Video: Tendangan bebas Zlatan vs Cagliari

Zlatan telah membuktikan bahwa dirinya masih mampu memberikan kontribusi yang besar untuk AC Milan. Musim lalu, sebelum Zlatan bergabung, Milan melebar di urutan ke-11. Zlatan kemudian datang dan berhasil membawa AC Milan ke posisi ke-6 klasemen akhir. Ia menyumbangkan 11 gol dan 5 assist dalam 18 pertandingan yang ia mainkan bersama AC Milan di paruh terakhir musim 2019/20.

Ini sudah cukup bagi Zlatan untuk membuktikan bahwa dirinya masih layak dipertimbangkan hingga saat ini. "Saya seperti Benjamin Button. Saya selalu muda, tidak pernah tua!" Ujar pemain yang pada 3 Oktober akan berusia 39 tahun itu.

Zlatan masih tercatat sebagai bomber paling subur Milan dalam satu dekade terakhir. Saat membela AC Milan pada musim 2010/11 dan 2011/12 plus paruh musim 2019/20, Zlatan mencatatkan 52 gol. Hanya Carlos Bacca yang paling dekat dengan Zlatan dengan total 31 gol.

Baca:  Perpisahan Emosional Eddie Howe dengan Ceri Manis yang Sedang Terjatuh

Taekwondo Menjaga Zlatan Prima

Dilansir dari Bleacher Report, fakta menarik dari Zlatan Ibrahimovic adalah dirinya lebih subur saat berusia 30 tahun dibandingkan saat berusia di bawah 30 tahun. Sebelum menginjak usia 30, Zlatan mencetak total 232 gol dari 528 pertandingan yang dimainkannya. Sedangkan usai melewati usia 30 tahun ia berhasil mencetak 301 gol dalam 372 pertandingan.

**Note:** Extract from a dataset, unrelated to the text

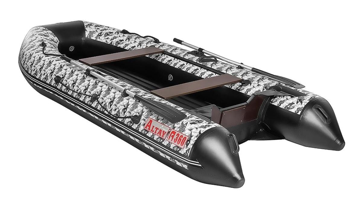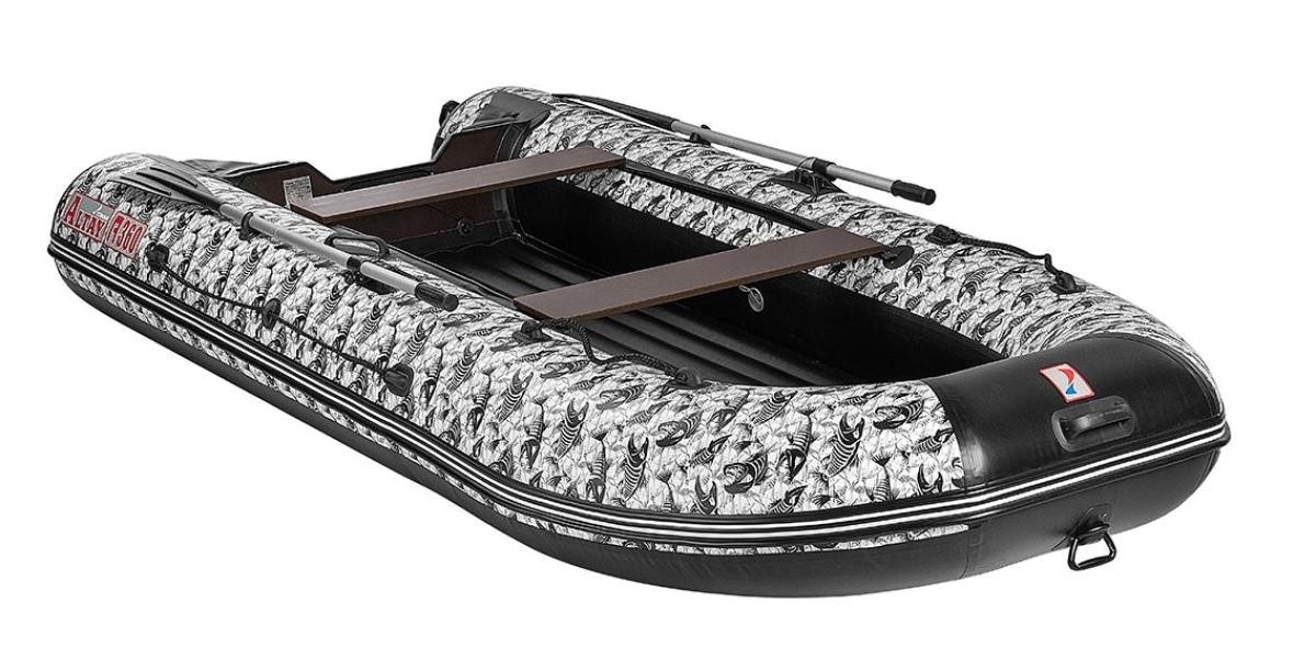 Популярная модель лодки «АЛТАЙ А360» с эксклюзивным принтом "Хищная рыба". Необычный дизайн является не только особым видом камуфляжа, но и выделит вашу лодку среди других на водоеме!

Taekwondo adalah salah satu rahasia Zlatan dalam menjaga kestabilan performanya hingga ia berusia 30 tahun. Dilansir dari Kumparan.com, dengan berlatih Taekwondo otot, tulang, tendon dan ligamen akan menjadi lebih kuat. Hal ini terkait dengan peningkatan stamina pada tubuhnya yang memungkinkan Zlatan menunjukkan kemampuannya secara maksimal selama bertanding.

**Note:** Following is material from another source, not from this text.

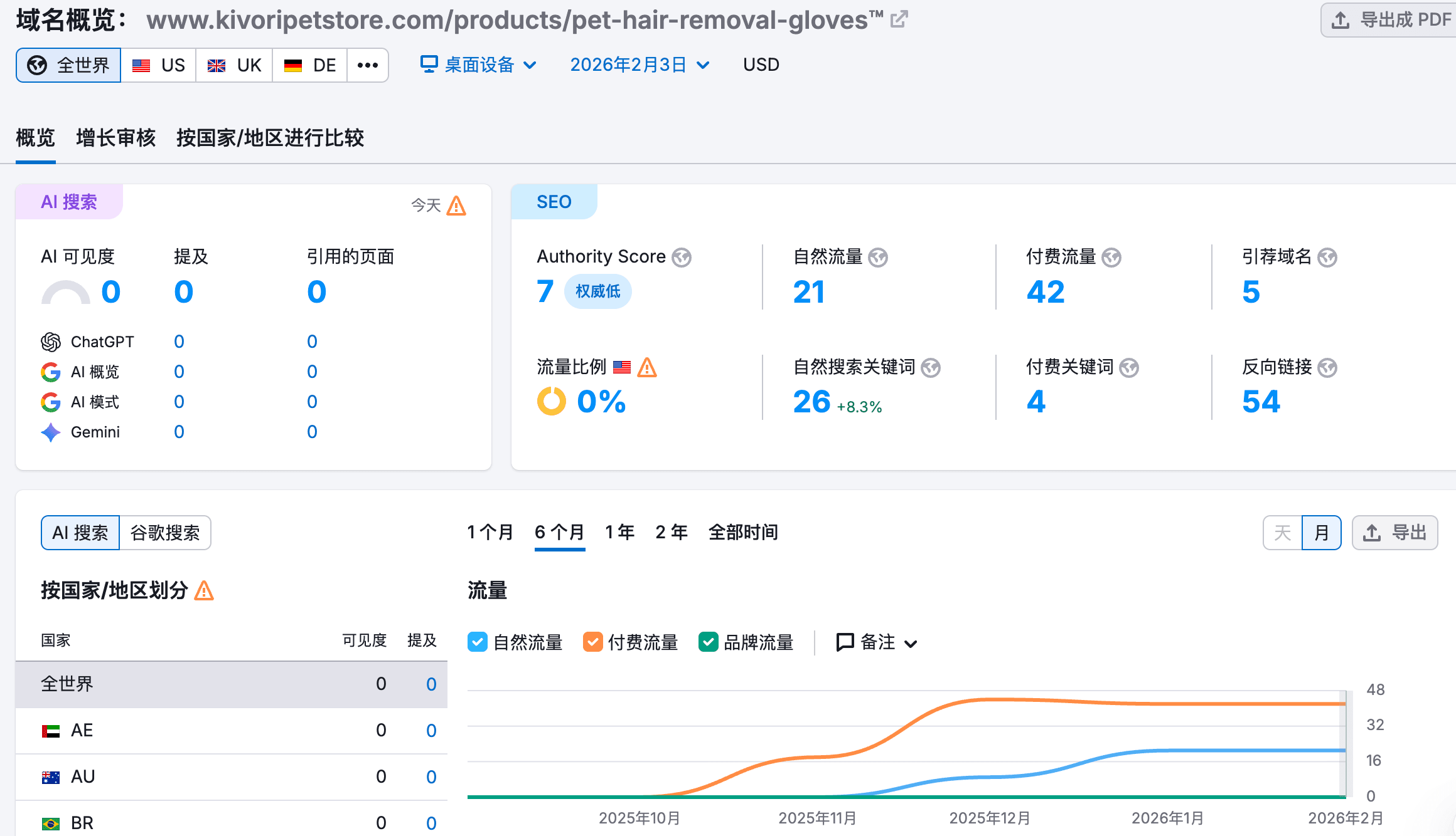 再来看看其在 semruch 上的表现,数据非常低迷,因为 Semrush 的核心机制是基于关键词搜索推算。如果一个卖家的流量都不经过 Google 搜索框进入网站,那么在 Semrush 的眼里,这个网站就相当于是没有人访问的。

Zlatan memang memiliki tempat pelatihan Taekwondo sendiri di rumahnya. Dia sering muncul di media sosialnya saat berlatih Taekwondo di waktu luangnya. Zlatan sendiri sudah lama berkecimpung dalam olahraga Taekwondo. Ia bahkan memegang sabuk hitam Taekwondo di negara asalnya, Swedia.

Perpaduan kondisi tubuh yang bagus dan pengalaman bermain di berbagai negara membuat Zlatan tetap menjadi penyerang berbahaya meski telah berusia hampir 40 tahun. Ambisi Zlatan untuk membawa AC Milan ke arah yang benar seharusnya bukan hanya omong kosong yang tidak mungkin dia lakukan. Zlatan masih berpeluang bersaing memperebutkan gelar pencetak gol terbanyak di Serie A musim depan.

"Jadi Anda pikir saya sudah selesai, bahwa karier saya akan segera berakhir? Anda tidak mengenal saya! Sepanjang hidup saya, saya harus berjuang. Tidak ada yang mempercayai saya, jadi saya harus percaya pada diri saya sendiri," kata Zlatan dalam sebuah wawancara. . Sepak Bola Italia.